--- START ---

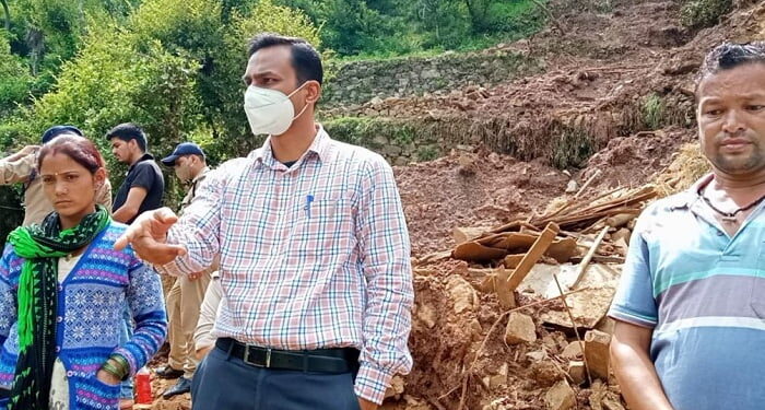खिर्सू के नौगांव में अतिवृष्टि व भूस्खलन से नुकसान का जायजा लेते हुए निरीक्षण किया।
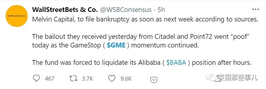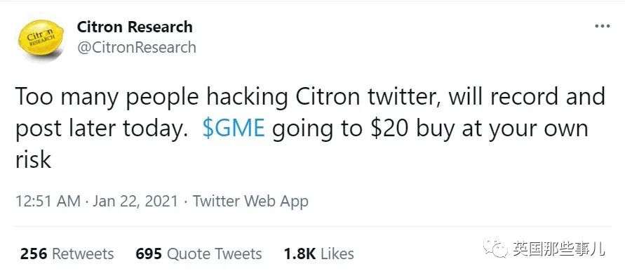 香橼研究公司1月19号还在推特上开嘲讽,说散户根本不懂游戏规则。
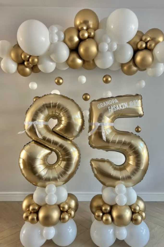 Use large gold foil number balloons and anchor them with small balloon clusters at the base. Add a matching balloon garland above to frame the space.
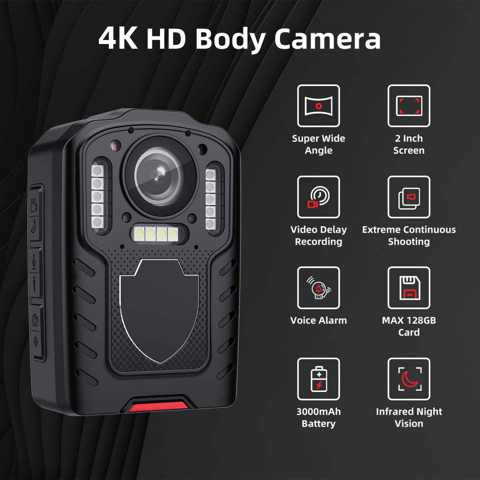 Nouvelle caméra portable 4K avec écran de 2 pouces, caméra embarquée pour la sécurité, enregistreur vidéo portable, vision nocturne infrarouge
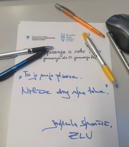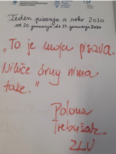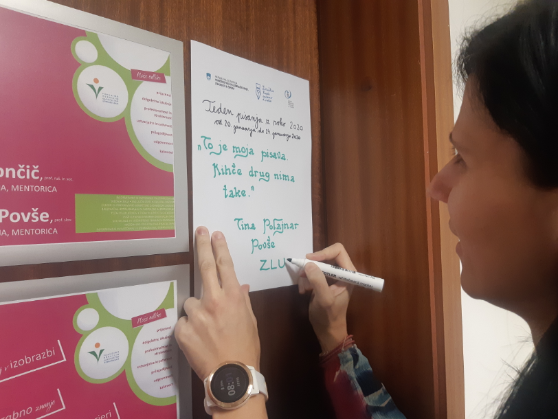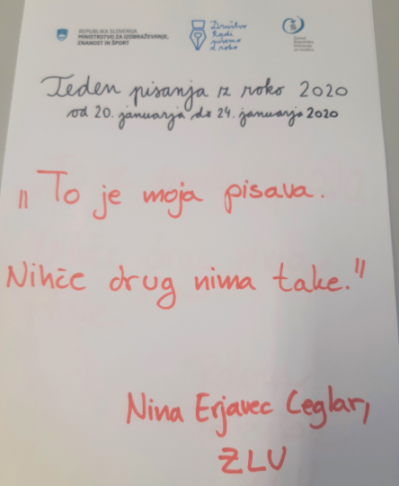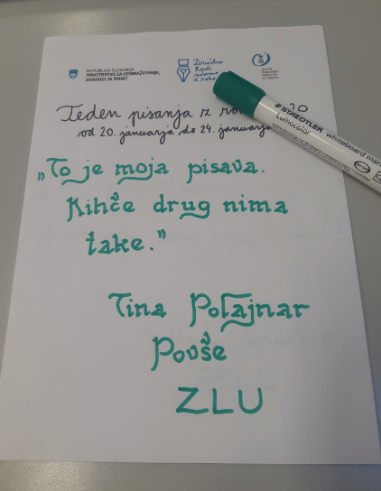 Zasavska ljudska univerza in VGC Zasavje se v tednu od 20. 1. do 24. 1. 2020 pridružujeta akciji Teden pisanja z roko 2020. Pisanje z roko je izvirna človekova aktivnost in pomembna spretnost. Spretnosti razvijamo z vajo. Raziskave kažejo, da naši možgani bolje delujejo pri pisanju z roko kot pri pisanju z računalnikom. Informacija, ki jo napišemo z roko, se v spominu zadrži dlje časa.
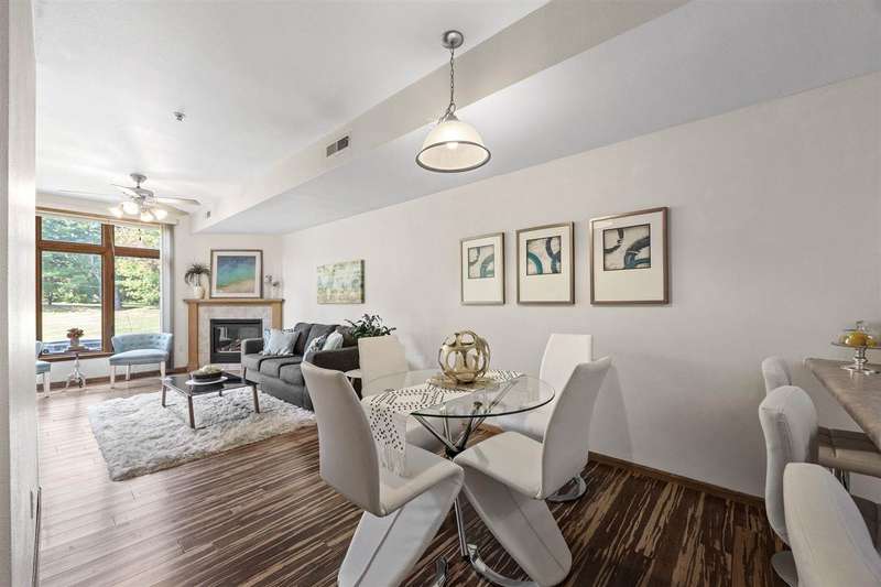 Enjoy the comfort of this inviting ground-level condo, where everyday living feels easy and relaxed. Offering 2 bedrooms and 2 full baths, this home has a thoughtful layout with plenty of natural light that brightens each room. The primary suite is a peaceful retreat with its own full bath and a spacious closet to keep everything in order. The open living area makes it simple to stay connected, whether you’re cooking, visiting, or just relaxing by the cozy gas fireplace. Step out to the deck and take in the calming views of nature; a perfect spot for morning coffee or an afternoon read. With no stairs to worry about and a welcoming, open feel, this condo is designed to make life comfortable and enjoyable. Includes a shared storage in the garage.

--- END ---

▶ [Task directions]
Restate every line above word for word. Do not carry over the images.

▶ [Answer section]
खिर्सू के नौगांव में अतिवृष्टि व भूस्खलन से नुकसान का जायजा लेते हुए निरीक्षण किया।
 香橼研究公司1月19号还在推特上开嘲讽,说散户根本不懂游戏规则。
 Use large gold foil number balloons and anchor them with small balloon clusters at the base. Add a matching balloon garland above to frame the space.
 Nouvelle caméra portable 4K avec écran de 2 pouces, caméra embarquée pour la sécurité, enregistreur vidéo portable, vision nocturne infrarouge
 Zasavska ljudska univerza in VGC Zasavje se v tednu od 20. 1. do 24. 1. 2020 pridružujeta akciji Teden pisanja z roko 2020. Pisanje z roko je izvirna človekova aktivnost in pomembna spretnost. Spretnosti razvijamo z vajo. Raziskave kažejo, da naši možgani bolje delujejo pri pisanju z roko kot pri pisanju z računalnikom. Informacija, ki jo napišemo z roko, se v spominu zadrži dlje časa.
 Enjoy the comfort of this inviting ground-level condo, where everyday living feels easy and relaxed. Offering 2 bedrooms and 2 full baths, this home has a thoughtful layout with plenty of natural light that brightens each room. The primary suite is a peaceful retreat with its own full bath and a spacious closet to keep everything in order. The open living area makes it simple to stay connected, whether you’re cooking, visiting, or just relaxing by the cozy gas fireplace. Step out to the deck and take in the calming views of nature; a perfect spot for morning coffee or an afternoon read. With no stairs to worry about and a welcoming, open feel, this condo is designed to make life comfortable and enjoyable. Includes a shared storage in the garage.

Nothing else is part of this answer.